--- Data excerpts Enclosed Below ---

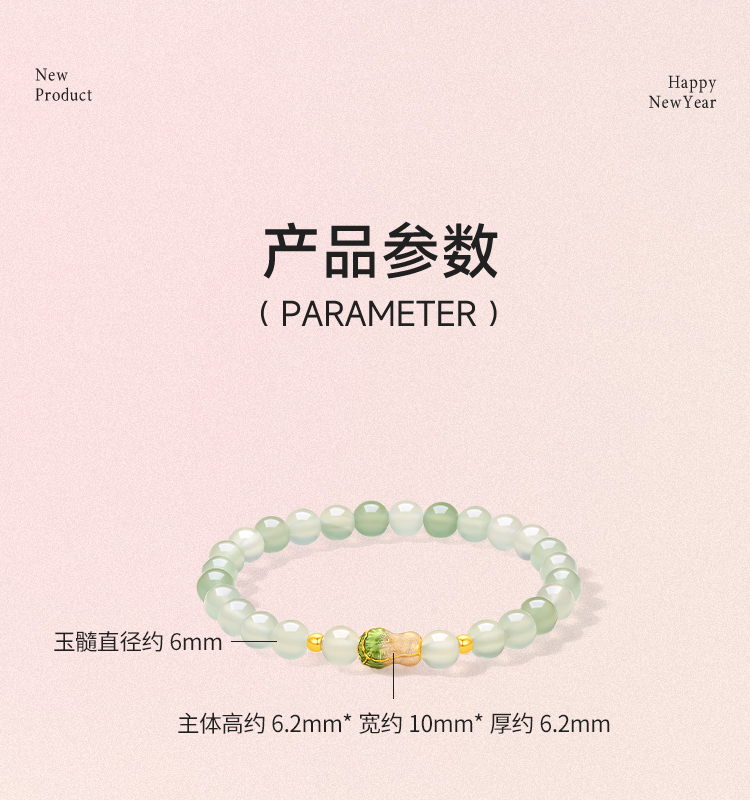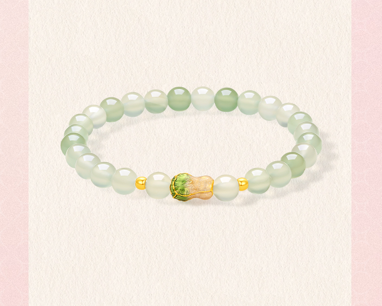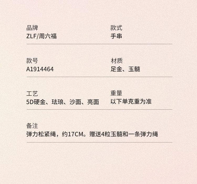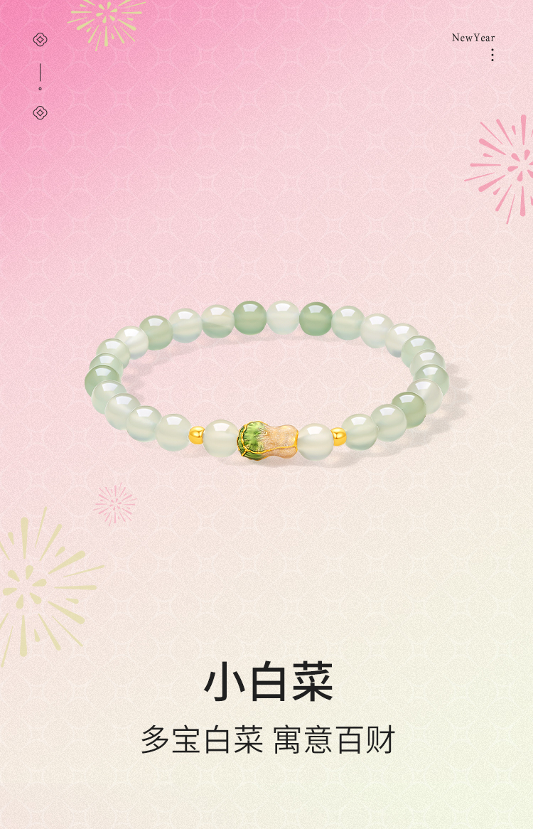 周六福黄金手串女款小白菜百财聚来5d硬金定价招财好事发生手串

--- End of Enclosed Data excerpts ---
--- Data excerpts Enclosed Below ---

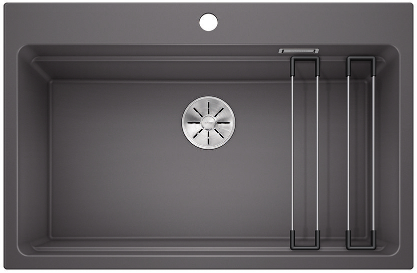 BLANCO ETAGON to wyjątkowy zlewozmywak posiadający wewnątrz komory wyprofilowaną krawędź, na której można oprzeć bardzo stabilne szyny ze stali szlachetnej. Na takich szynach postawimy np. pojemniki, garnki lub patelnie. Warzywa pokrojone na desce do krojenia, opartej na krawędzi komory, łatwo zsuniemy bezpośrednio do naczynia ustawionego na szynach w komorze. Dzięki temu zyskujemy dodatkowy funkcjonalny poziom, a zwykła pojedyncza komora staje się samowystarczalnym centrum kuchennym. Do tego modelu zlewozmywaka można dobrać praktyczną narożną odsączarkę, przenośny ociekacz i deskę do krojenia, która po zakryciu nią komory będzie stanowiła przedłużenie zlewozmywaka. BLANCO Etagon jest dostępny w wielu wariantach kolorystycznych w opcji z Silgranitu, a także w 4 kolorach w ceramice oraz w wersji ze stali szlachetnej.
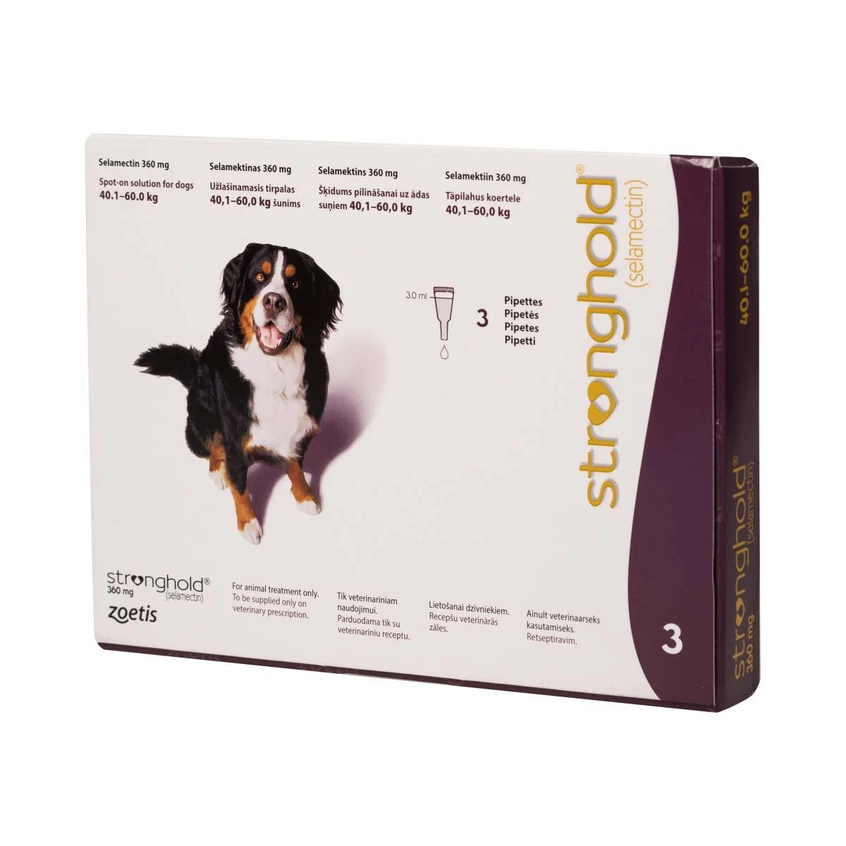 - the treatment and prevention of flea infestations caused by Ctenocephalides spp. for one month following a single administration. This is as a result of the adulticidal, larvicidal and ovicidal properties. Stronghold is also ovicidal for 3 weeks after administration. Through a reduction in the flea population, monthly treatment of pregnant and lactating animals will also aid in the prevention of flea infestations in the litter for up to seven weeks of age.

--- End of Enclosed Data excerpts ---

Reproduce exactly the lines above starting at the line containing "BLANCO ETAGON to" and ending at the line containing "- the treatment", including both, but not the pictures.

 BLANCO ETAGON to wyjątkowy zlewozmywak posiadający wewnątrz komory wyprofilowaną krawędź, na której można oprzeć bardzo stabilne szyny ze stali szlachetnej. Na takich szynach postawimy np. pojemniki, garnki lub patelnie. Warzywa pokrojone na desce do krojenia, opartej na krawędzi komory, łatwo zsuniemy bezpośrednio do naczynia ustawionego na szynach w komorze. Dzięki temu zyskujemy dodatkowy funkcjonalny poziom, a zwykła pojedyncza komora staje się samowystarczalnym centrum kuchennym. Do tego modelu zlewozmywaka można dobrać praktyczną narożną odsączarkę, przenośny ociekacz i deskę do krojenia, która po zakryciu nią komory będzie stanowiła przedłużenie zlewozmywaka. BLANCO Etagon jest dostępny w wielu wariantach kolorystycznych w opcji z Silgranitu, a także w 4 kolorach w ceramice oraz w wersji ze stali szlachetnej.
 - the treatment and prevention of flea infestations caused by Ctenocephalides spp. for one month following a single administration. This is as a result of the adulticidal, larvicidal and ovicidal properties. Stronghold is also ovicidal for 3 weeks after administration. Through a reduction in the flea population, monthly treatment of pregnant and lactating animals will also aid in the prevention of flea infestations in the litter for up to seven weeks of age.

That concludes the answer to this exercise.